Whilst authorities (and courts) should not readily find a restriction ‘by object’, there are clearly many other types of agreement that do constitute ‘object restrictions’: whilst the concept of such a restriction must be interpreted widely or expansively, there are doubtless numerous types of agreement or concerted practice that can, in the appropriate context, satisfy the CJEU’s definition. From BIDS, it is plain that arrangements to cause some producers to exit a market and/or which otherwise reduce capacity in a market are also ‘object’ restrictions: this was confirmed in Cartes Bancaires.

An exchange of information also constitutes a restriction ‘by object’, particularly on highly concentrated oligopolistic markets, if this reduces or removes the degree of uncertainty as to the operation of the market, even if any effect on prices is indirect (see paras. 34 to 37 of the T-Mobile judgment). The CJEU followed this approach in Case C-541/11P Solvay, where it held that even the exchange of historic non-price information accompanied by discussions to ‘stabilise the market’ by entering into a cartel agreement can be a restriction ‘by object’, if it exchanged on a regular basis over a long period even if no such agreement is concluded.

Can other forms of horizontal or vertical coordination legitimately be found to restrict competition by object? In Allianz Hungaria, the CJEU confirmed that a series of parallel vertical agreements can – even in the absence of a horizontal agreement or concerted practice – restrict competition by object, if they significantly disrupt the proper functioning of one of the markets concerned by eliminating or seriously weakening competition. Presumably, resale price maintenance remains an ‘object’ infringement, as will restrictions on internet sales by distributors, unless objectively justified (see Case C-439/09 Pierre Fabre), and other agreements that partition markets through the use of territorial restrictions or other restrictions on parallel trade, such as differential pricing arrangements (Case C-501/06P GlaxoSmithKline) and restrictions included in agreements for the licensing of sports broadcasting rights (Case C-403/08 FA Premier League).

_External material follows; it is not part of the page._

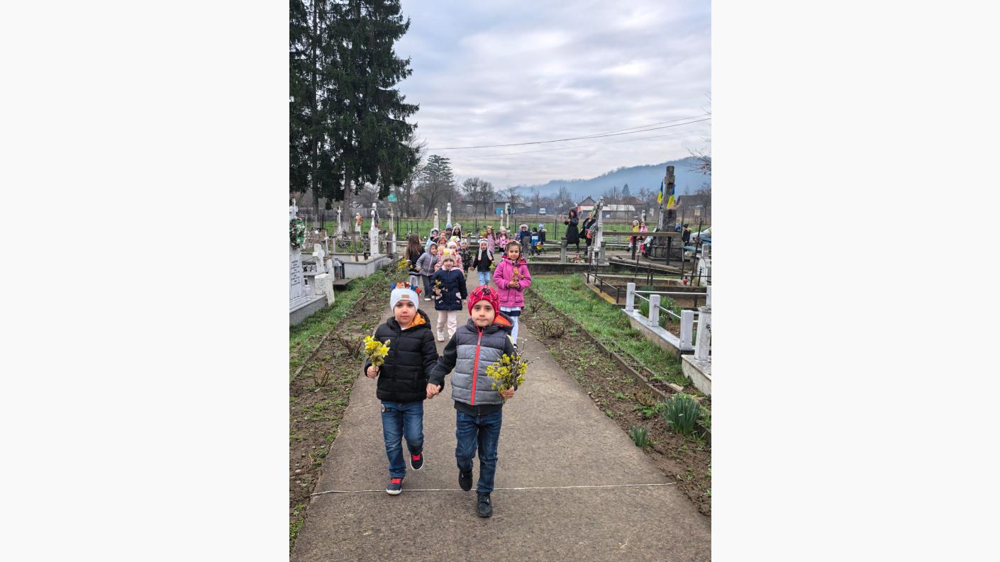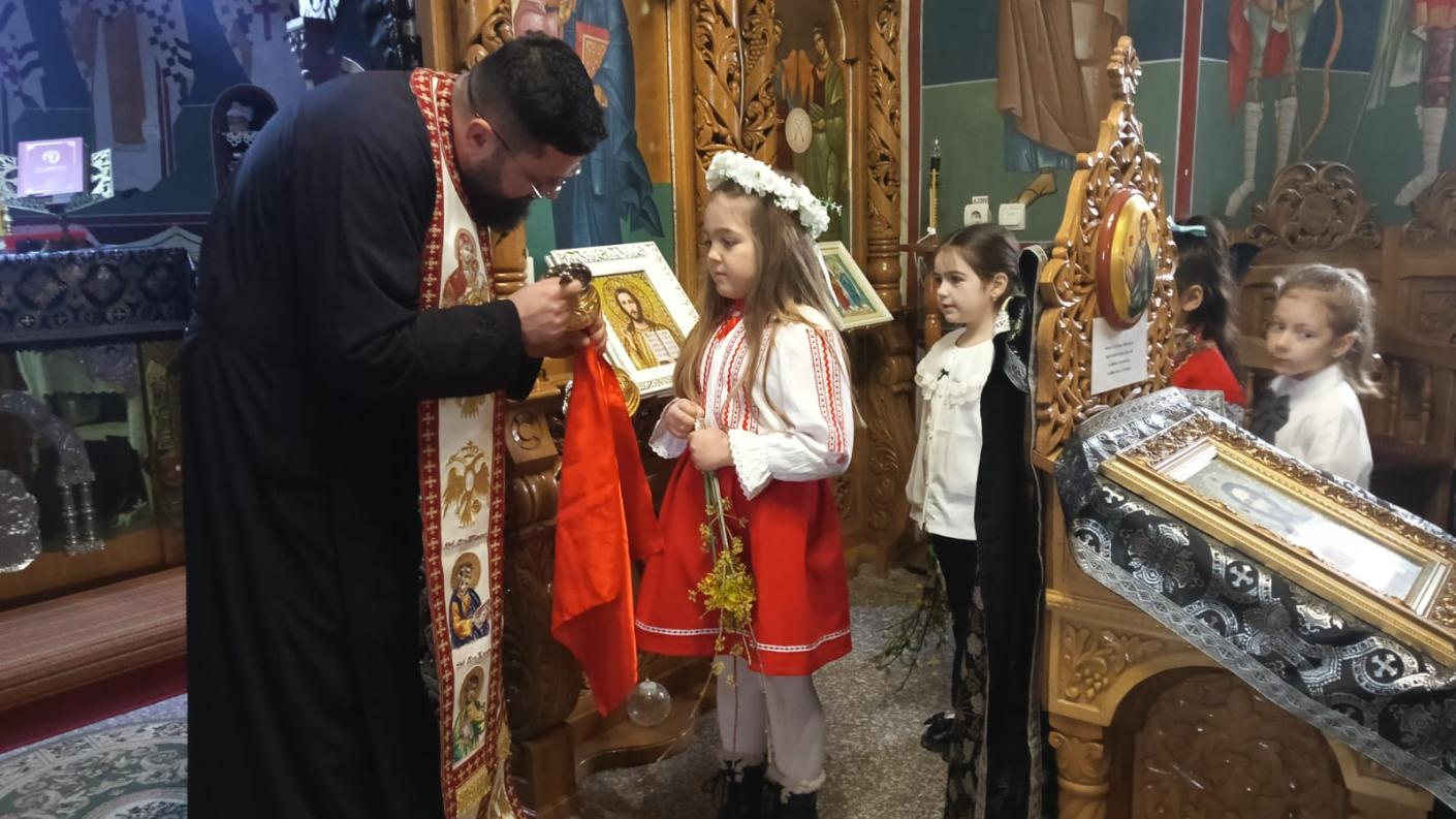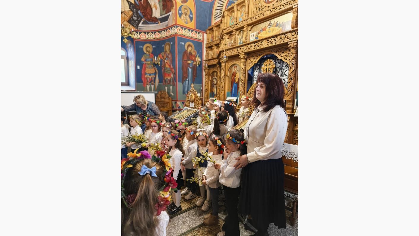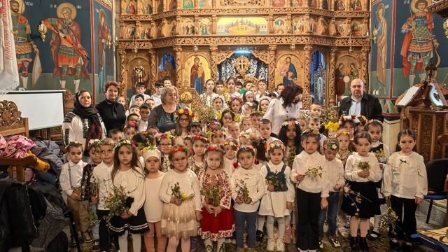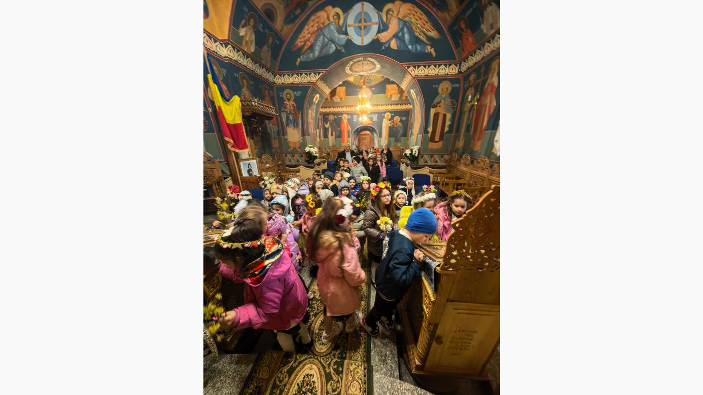 Cei mici au venit cu inimă mare, fiecare aducând câte un buchet de flori de primăvară pe care l-au depus la monumentul eroilor. În sfânta biserică au fost întâmpinați de către părintele Claudiu Neculcea, de la care, după cuvântul de bun venit și spovedanie, au primit Trupul și Sângele Domnului. După aceasta, copiii au interpretat cântece specifice sărbătorii Sfintelor Paști și au parcurs împreună cu părintele câteva noțiuni elementare despre rugăciune.
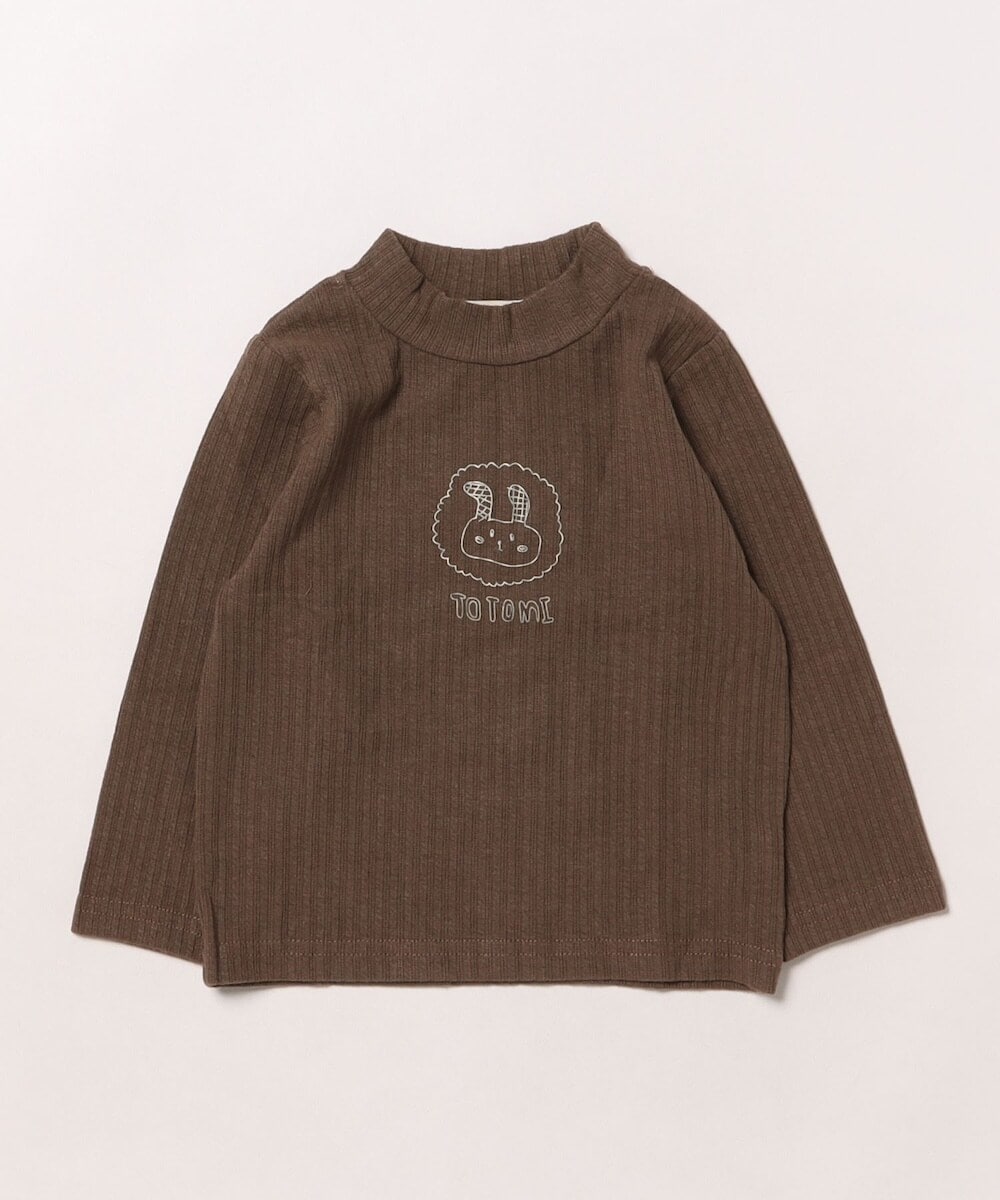 うさぎのプリントがかわいいハイネックトップス。どんなコーディネートにも合わせやすいです。

However, beyond these clear examples, the question remains as to how are we to judge whether an agreement or practice has “a sufficient degree of harm to competition” to have the object of restricting competition? As well as relying on experience, this requires a degree of judgment and the undertaking of some analysis: it is not permissible for an authority to simply state, without more, that an agreement has, by its very nature, the requisite negative effects on competition in order to take a short-cut to a finding of infringement. The difficulty of course is that this still leaves room for the application of the ‘duck test’ or the ‘elephant test’, since it is experience that enables us to apply those tests and also the ‘restriction by object’ test.